-----------------------------------------------------------
This is an automatically generated e-mail. To reply, visit:
https://reviews.apache.org/r/40660/
-----------------------------------------------------------
Review request for mesos and Vinod Kone.
Bugs: MESOS-3851
https://issues.apache.org/jira/browse/MESOS-3851
Repository: mesos
Description
-------
Previously, we did not `link` against the executor `PID` while
(re)-registering. This might lead to libprocess creating ephemeral sockets
everytime a `send(...)` was invoked. This was leading to races where messages
might appear on the Executor out of order. This change does a `link(...)` on
the executor PID to ensure ordered message delivery.
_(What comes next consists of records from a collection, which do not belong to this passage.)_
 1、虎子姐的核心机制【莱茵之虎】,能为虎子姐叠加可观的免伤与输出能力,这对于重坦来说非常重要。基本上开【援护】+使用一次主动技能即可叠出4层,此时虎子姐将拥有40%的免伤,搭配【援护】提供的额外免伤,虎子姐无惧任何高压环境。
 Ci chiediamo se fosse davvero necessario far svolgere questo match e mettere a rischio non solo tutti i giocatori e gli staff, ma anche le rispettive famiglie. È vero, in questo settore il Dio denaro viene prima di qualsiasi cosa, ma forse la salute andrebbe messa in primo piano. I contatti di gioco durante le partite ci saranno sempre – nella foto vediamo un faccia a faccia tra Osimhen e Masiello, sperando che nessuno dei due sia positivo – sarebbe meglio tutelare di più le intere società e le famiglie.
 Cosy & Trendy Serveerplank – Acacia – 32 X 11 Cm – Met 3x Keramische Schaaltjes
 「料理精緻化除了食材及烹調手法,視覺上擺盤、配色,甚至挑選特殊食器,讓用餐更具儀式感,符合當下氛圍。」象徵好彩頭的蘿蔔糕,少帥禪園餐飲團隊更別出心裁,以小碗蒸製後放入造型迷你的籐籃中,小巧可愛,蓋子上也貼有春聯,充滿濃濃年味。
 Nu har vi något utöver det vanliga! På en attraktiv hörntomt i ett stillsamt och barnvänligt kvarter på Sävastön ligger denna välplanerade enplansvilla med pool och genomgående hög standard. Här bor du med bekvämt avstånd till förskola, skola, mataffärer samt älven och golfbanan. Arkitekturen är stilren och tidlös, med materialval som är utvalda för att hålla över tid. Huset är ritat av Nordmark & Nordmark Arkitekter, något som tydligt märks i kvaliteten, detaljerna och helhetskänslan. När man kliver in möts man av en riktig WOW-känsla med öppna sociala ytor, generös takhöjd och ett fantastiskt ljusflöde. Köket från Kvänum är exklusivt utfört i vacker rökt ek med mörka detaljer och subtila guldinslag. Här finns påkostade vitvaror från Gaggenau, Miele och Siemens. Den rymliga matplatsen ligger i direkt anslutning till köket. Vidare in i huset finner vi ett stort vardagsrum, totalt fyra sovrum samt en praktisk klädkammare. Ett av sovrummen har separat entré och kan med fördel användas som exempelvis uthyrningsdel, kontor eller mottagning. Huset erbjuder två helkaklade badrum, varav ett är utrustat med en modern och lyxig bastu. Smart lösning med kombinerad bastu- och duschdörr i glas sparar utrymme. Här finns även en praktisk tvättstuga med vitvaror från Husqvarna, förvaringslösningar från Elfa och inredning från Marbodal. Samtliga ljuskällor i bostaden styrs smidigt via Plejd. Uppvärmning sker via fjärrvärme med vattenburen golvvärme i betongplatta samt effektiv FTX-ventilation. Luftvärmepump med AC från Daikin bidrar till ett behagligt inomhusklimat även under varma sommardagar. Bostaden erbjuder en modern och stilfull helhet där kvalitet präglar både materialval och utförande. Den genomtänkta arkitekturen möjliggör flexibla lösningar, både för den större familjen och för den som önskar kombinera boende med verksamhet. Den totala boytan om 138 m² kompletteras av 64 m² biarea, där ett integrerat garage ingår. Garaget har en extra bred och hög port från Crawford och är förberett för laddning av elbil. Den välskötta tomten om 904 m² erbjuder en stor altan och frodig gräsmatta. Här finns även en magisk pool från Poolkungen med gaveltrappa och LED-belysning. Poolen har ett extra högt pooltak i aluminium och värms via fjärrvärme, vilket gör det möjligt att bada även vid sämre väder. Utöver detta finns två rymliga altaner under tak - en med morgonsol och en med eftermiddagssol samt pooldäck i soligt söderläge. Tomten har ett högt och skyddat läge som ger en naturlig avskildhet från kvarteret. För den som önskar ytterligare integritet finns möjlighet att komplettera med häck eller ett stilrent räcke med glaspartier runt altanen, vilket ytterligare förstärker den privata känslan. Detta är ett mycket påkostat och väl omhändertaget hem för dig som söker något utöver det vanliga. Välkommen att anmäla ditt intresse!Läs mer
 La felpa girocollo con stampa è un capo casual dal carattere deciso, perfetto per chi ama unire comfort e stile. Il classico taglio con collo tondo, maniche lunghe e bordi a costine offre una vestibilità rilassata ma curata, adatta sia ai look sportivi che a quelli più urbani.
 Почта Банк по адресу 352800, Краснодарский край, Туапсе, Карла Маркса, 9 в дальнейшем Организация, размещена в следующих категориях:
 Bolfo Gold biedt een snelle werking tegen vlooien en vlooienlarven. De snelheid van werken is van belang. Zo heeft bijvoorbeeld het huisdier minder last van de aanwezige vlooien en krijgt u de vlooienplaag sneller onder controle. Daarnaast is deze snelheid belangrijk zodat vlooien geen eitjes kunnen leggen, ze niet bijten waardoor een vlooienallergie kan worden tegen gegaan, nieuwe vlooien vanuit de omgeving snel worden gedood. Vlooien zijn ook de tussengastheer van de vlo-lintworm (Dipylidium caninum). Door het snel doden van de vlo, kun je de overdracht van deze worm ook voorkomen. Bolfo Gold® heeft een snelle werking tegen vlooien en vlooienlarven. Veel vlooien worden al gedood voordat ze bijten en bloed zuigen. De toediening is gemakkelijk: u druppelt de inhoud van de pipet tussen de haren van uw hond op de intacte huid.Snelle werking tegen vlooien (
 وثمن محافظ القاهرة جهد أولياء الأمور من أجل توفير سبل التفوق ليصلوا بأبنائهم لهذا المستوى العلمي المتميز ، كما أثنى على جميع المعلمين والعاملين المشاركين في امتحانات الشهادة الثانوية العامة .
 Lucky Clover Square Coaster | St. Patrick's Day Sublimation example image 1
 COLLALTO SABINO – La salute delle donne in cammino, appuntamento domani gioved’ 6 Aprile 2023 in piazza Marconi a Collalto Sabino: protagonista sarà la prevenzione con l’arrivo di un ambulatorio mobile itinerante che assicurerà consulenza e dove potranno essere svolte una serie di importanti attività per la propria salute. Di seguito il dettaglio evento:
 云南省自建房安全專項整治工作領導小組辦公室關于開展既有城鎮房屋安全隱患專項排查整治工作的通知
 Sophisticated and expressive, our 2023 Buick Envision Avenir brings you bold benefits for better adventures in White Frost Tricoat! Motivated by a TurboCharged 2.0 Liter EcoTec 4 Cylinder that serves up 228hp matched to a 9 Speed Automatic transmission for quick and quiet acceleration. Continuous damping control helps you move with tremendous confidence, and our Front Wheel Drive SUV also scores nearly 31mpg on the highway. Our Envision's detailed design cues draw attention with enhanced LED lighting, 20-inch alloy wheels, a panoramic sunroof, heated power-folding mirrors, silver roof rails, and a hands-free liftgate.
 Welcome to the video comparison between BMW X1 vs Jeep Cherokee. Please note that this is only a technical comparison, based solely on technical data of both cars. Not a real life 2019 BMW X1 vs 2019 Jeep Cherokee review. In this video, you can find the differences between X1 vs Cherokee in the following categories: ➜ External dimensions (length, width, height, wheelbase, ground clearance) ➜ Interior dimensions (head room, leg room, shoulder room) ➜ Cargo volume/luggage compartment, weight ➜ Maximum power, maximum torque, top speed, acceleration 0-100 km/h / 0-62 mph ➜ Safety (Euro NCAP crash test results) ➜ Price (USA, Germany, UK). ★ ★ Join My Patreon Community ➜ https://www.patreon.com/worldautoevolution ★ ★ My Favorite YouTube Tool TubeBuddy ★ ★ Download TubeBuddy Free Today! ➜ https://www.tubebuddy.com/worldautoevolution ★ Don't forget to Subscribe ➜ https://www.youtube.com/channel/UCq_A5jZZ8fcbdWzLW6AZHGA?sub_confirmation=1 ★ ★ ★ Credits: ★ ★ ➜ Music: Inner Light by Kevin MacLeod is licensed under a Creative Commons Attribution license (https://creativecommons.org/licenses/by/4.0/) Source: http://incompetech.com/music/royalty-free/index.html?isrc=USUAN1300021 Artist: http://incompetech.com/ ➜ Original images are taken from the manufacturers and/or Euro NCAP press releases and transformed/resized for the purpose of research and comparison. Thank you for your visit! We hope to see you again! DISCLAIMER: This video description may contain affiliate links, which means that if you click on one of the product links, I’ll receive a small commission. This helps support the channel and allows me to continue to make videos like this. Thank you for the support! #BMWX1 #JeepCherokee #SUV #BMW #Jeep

---Not to be included in commit message---
I am still not comfortable bringing back the reverted commit
https://reviews.apache.org/r/40107/ . I can see one more race condition even
with a `link(...)`. We can still have messages coming out of order when the
first socket fails after sending the first message when still in flight. A new
socket gets created when we send the second message now, which might arrive
earlier then the first message leading to a race. But, this is a behavior that
is heavily relied upon elsewhere in our code-base. Happy to be proven wrong
though and be convinced that we can bring back the reverted commit now after
this change.
Diffs
-----
src/slave/slave.cpp 9055f2a789cb19f3579c15a379ea505dfef0578c
Diff: https://reviews.apache.org/r/40660/diff/
Testing
-------
make check
Thanks,
Anand Mazumdar